◆ Given information:
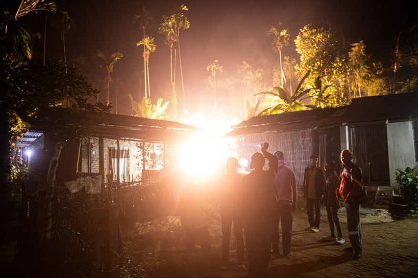 Rangbong, Assam, Inde. Une puissante explosion déchire la pénombre pour effaroucher un troupeau d'éléphants. Au premier plan, des villageois se sont rassemblés pour repousser un éléphant qui tentait de s'introduire dans une cuisine.
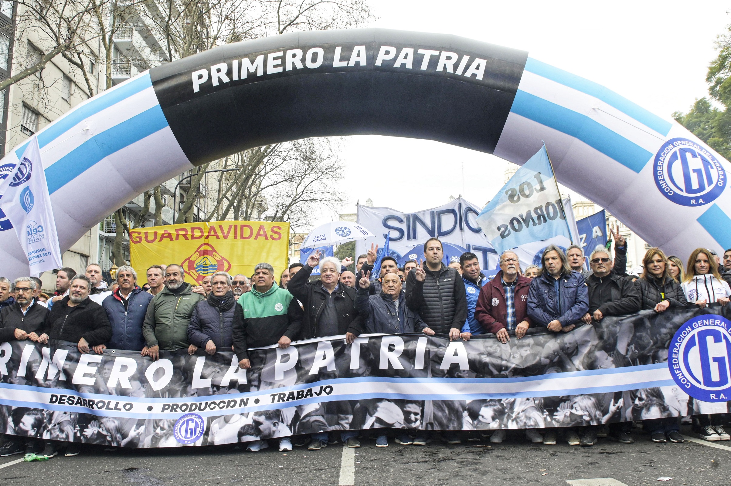 Las columnas de manifestantes habían salido a las 14.30 desde la intersección de 9 de Julio y Avenida de Mayo con una bandera que atravesaba la calle con el lema "Primero la Patria", sostenida por los cosecretarios generales de la CGT Héctor Daer, Carlos Acuña y Pablo Moyano y otros dirigentes como Omar Plaini y Sergio Romero, entre otros.
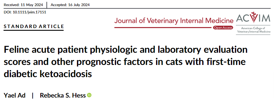 고양이 DKA 사례의 사망률은 연구된 인구와 집중 치료의 가용성에 따라 30%에서 50%까지 다양할 수 있다. 하지만 환자다 그 사망 확률은 달라 현상태에 따라 추산하는 방법이 필요하다.
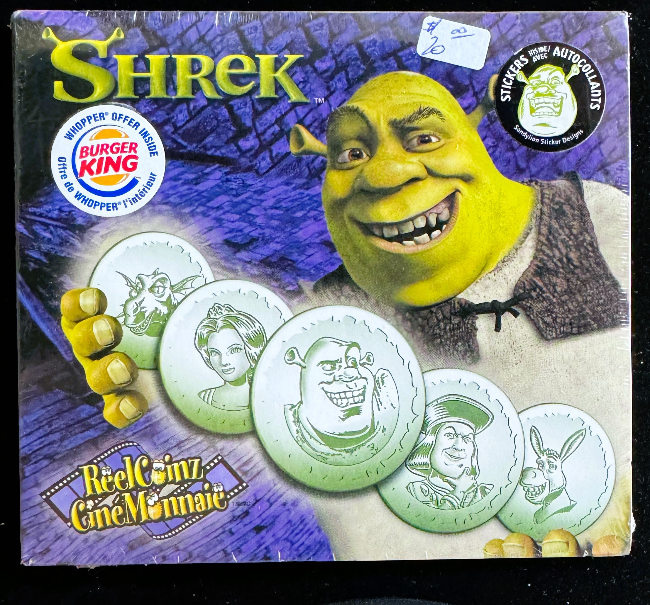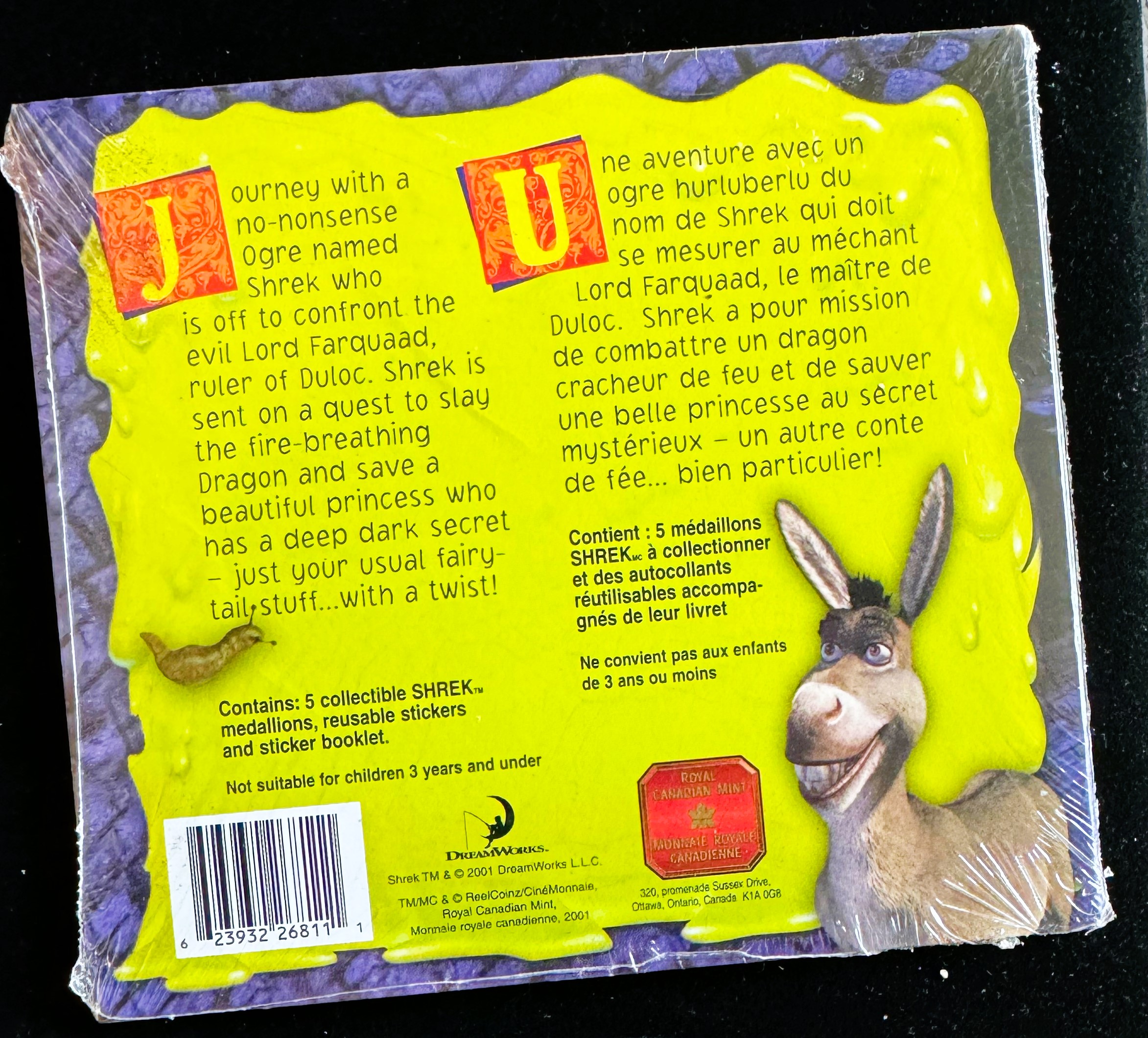 SHREK BURGER KING DREAMWORKS MEDALLION & STICKER SET, SEALED NEVER OPENED, LIKE NEW, COINS & CURRENCY

◆ Task objective: Only an exact copy of the lines from the one with "Las columnas de" through the last line of the listing should be given; pictures must not be included.

◆ Exercise answer:
 Las columnas de manifestantes habían salido a las 14.30 desde la intersección de 9 de Julio y Avenida de Mayo con una bandera que atravesaba la calle con el lema "Primero la Patria", sostenida por los cosecretarios generales de la CGT Héctor Daer, Carlos Acuña y Pablo Moyano y otros dirigentes como Omar Plaini y Sergio Romero, entre otros.
 고양이 DKA 사례의 사망률은 연구된 인구와 집중 치료의 가용성에 따라 30%에서 50%까지 다양할 수 있다. 하지만 환자다 그 사망 확률은 달라 현상태에 따라 추산하는 방법이 필요하다.
 SHREK BURGER KING DREAMWORKS MEDALLION & STICKER SET, SEALED NEVER OPENED, LIKE NEW, COINS & CURRENCY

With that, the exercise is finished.